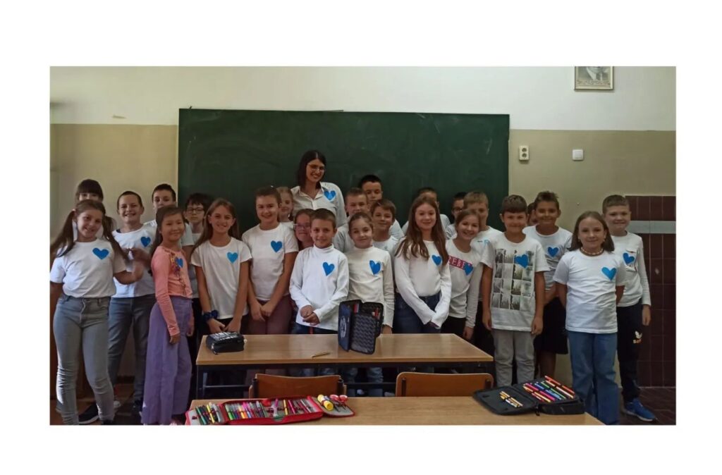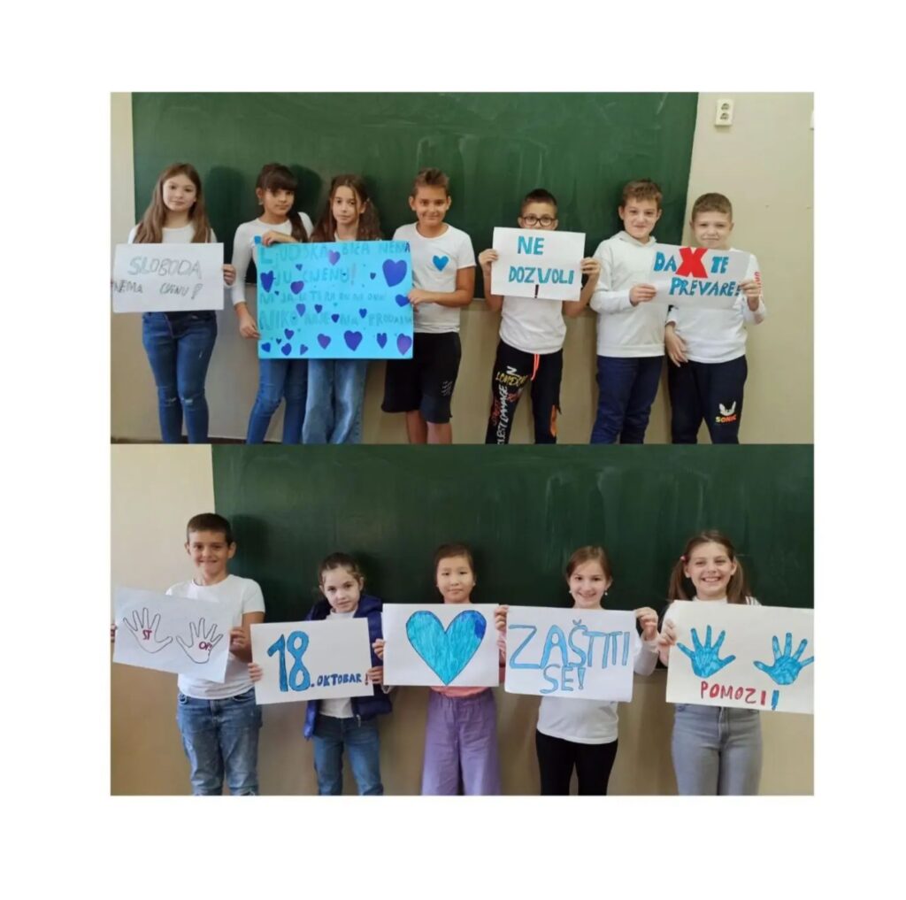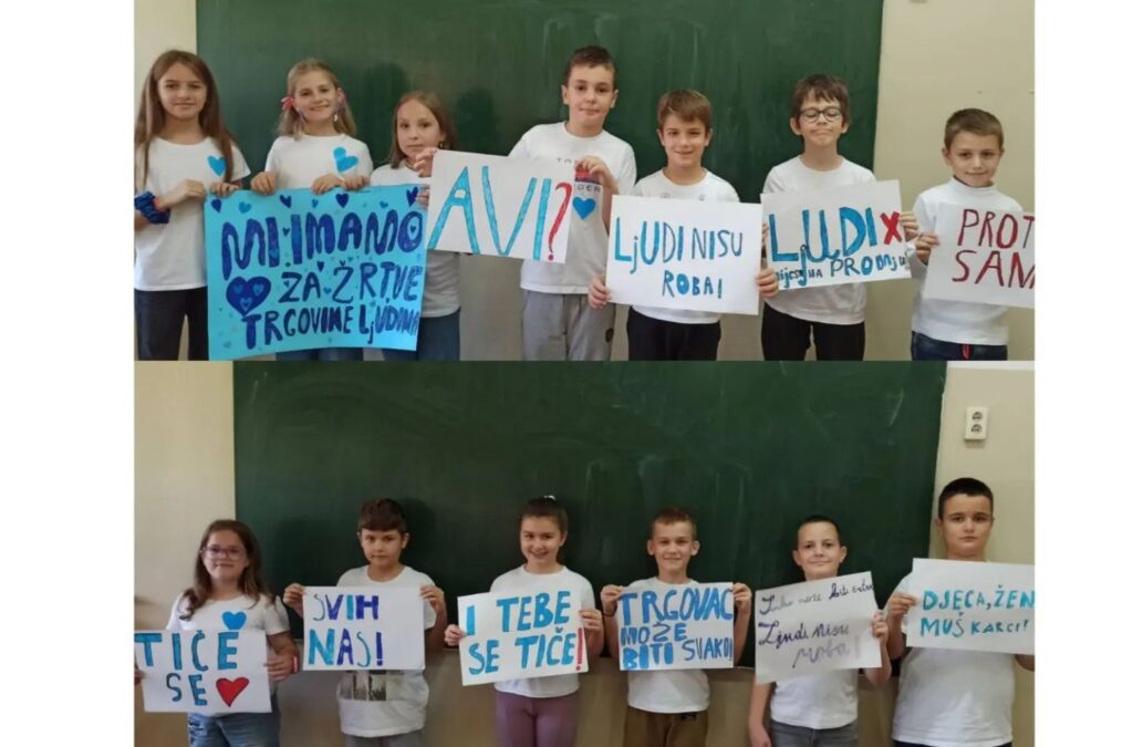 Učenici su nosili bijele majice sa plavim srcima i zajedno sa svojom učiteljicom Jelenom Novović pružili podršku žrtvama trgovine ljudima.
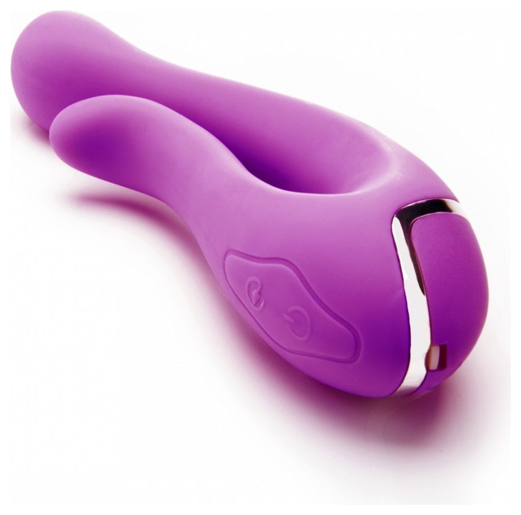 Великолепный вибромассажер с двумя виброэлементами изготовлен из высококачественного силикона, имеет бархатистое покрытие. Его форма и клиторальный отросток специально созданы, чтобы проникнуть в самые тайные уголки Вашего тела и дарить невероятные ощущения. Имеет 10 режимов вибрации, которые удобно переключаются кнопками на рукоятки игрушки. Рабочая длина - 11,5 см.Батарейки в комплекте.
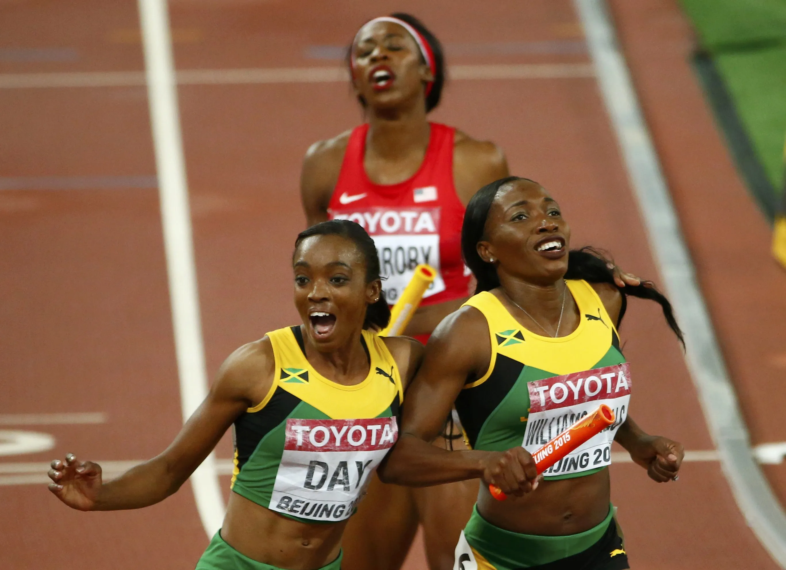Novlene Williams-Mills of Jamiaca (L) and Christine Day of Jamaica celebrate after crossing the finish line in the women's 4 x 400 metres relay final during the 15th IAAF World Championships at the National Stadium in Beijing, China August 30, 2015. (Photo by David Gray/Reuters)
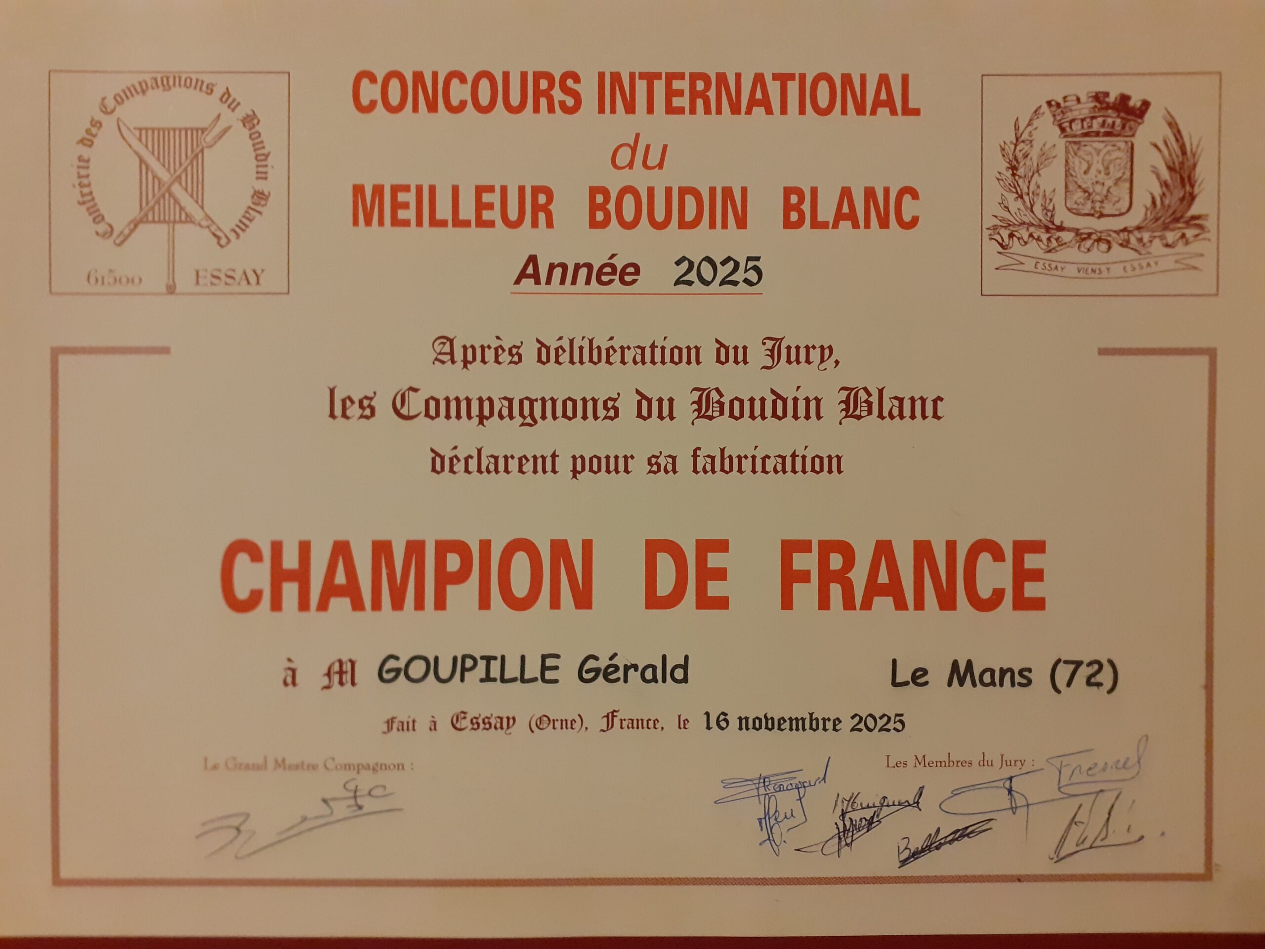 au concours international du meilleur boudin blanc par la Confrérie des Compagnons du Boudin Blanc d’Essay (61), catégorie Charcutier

What you will do >> From the first line of the material down to the line containing "Novlene Williams-Mills of", inclusive, return each line exactly, skipping any picture.

Output below >>
 Učenici su nosili bijele majice sa plavim srcima i zajedno sa svojom učiteljicom Jelenom Novović pružili podršku žrtvama trgovine ljudima.
 Великолепный вибромассажер с двумя виброэлементами изготовлен из высококачественного силикона, имеет бархатистое покрытие. Его форма и клиторальный отросток специально созданы, чтобы проникнуть в самые тайные уголки Вашего тела и дарить невероятные ощущения. Имеет 10 режимов вибрации, которые удобно переключаются кнопками на рукоятки игрушки. Рабочая длина - 11,5 см.Батарейки в комплекте.
Novlene Williams-Mills of Jamiaca (L) and Christine Day of Jamaica celebrate after crossing the finish line in the women's 4 x 400 metres relay final during the 15th IAAF World Championships at the National Stadium in Beijing, China August 30, 2015. (Photo by David Gray/Reuters)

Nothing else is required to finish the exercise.